Участок - Алексей Слаповский
Шрифт:
Интервал:
Закладка:
– Таких сведений нет, – успокоил Кравцов. – Но может освободиться рано или поздно. Так я заранее хотел бы знать, нет ли возможности конфликта.
– Еще как есть! – не стал отрицать Юлюкин. – Дорежет он меня, точно говорю! Если вернется, можно прямо сразу его брать и обратно в тюрьму. Или будет сразу же убийство!
– А тогда за что он вас? – спросил Кравцов. Он и об этом знал уже, конечно, но ему хотелось послушать версию Юлюкина. Чуял он: что-то в этом давнем происшествии не так. Очень его, в частности, смущала история с вылезанием из-под замка, сжиганием сарая и залезанием обратно.

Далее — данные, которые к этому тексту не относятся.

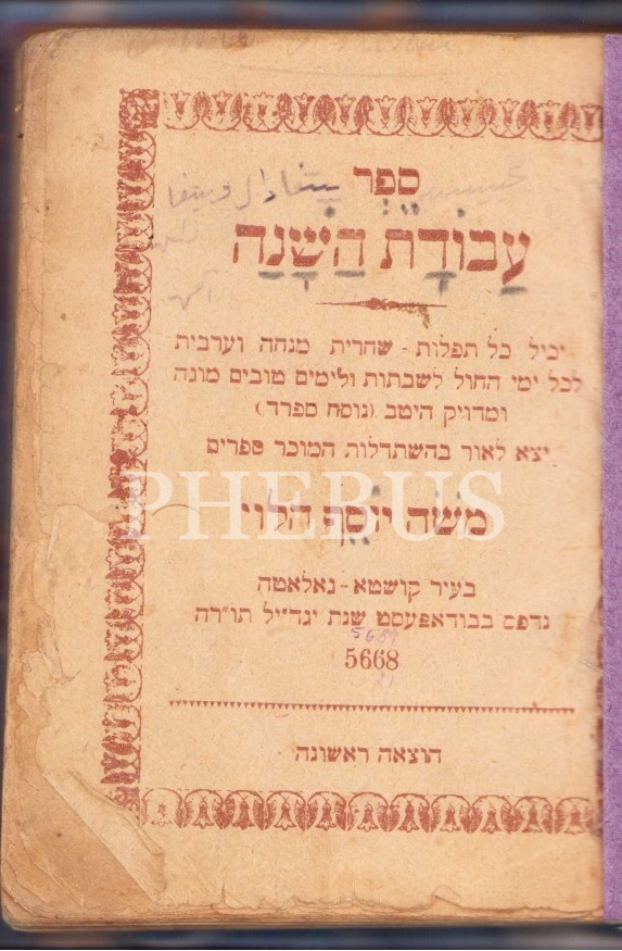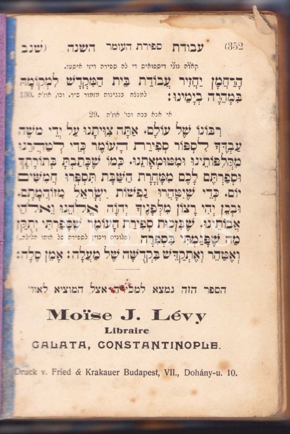 Constantinople baskı İbranice kitap, 352 sayfa, ''Moise J. Levy Libraire - Galata, Constantinople'', 12x16 cm

– За что? А злобу питал он в мой адрес за мою дочь Юлю! Прохода он ей не давал, а она была абсолютно без взаимности! А он считал, что я ее подговариваю ему отказывать! А я не подговаривал, я был прямо против! И этого не скрывал! – сказал Юлюкин с той правдолюбивой горячностью, которая свойственна чаще всего людям, скрывающим какую-то правду или говорящим лишь ее часть. Все политики, замечено, профессионально обладают даром такой горячности, а кто не умеет, старательно учится.
Кравцов кивал, разделяя эмоции Юлюкина. И попросил:
– Извините, конечно, за бестактность... Можно шрам посмотреть?
– Какой?
– Ну, он же чуть не зарезал вас.
– Да нет... Так, полоснул... – с неохотой сказал Юлюкин.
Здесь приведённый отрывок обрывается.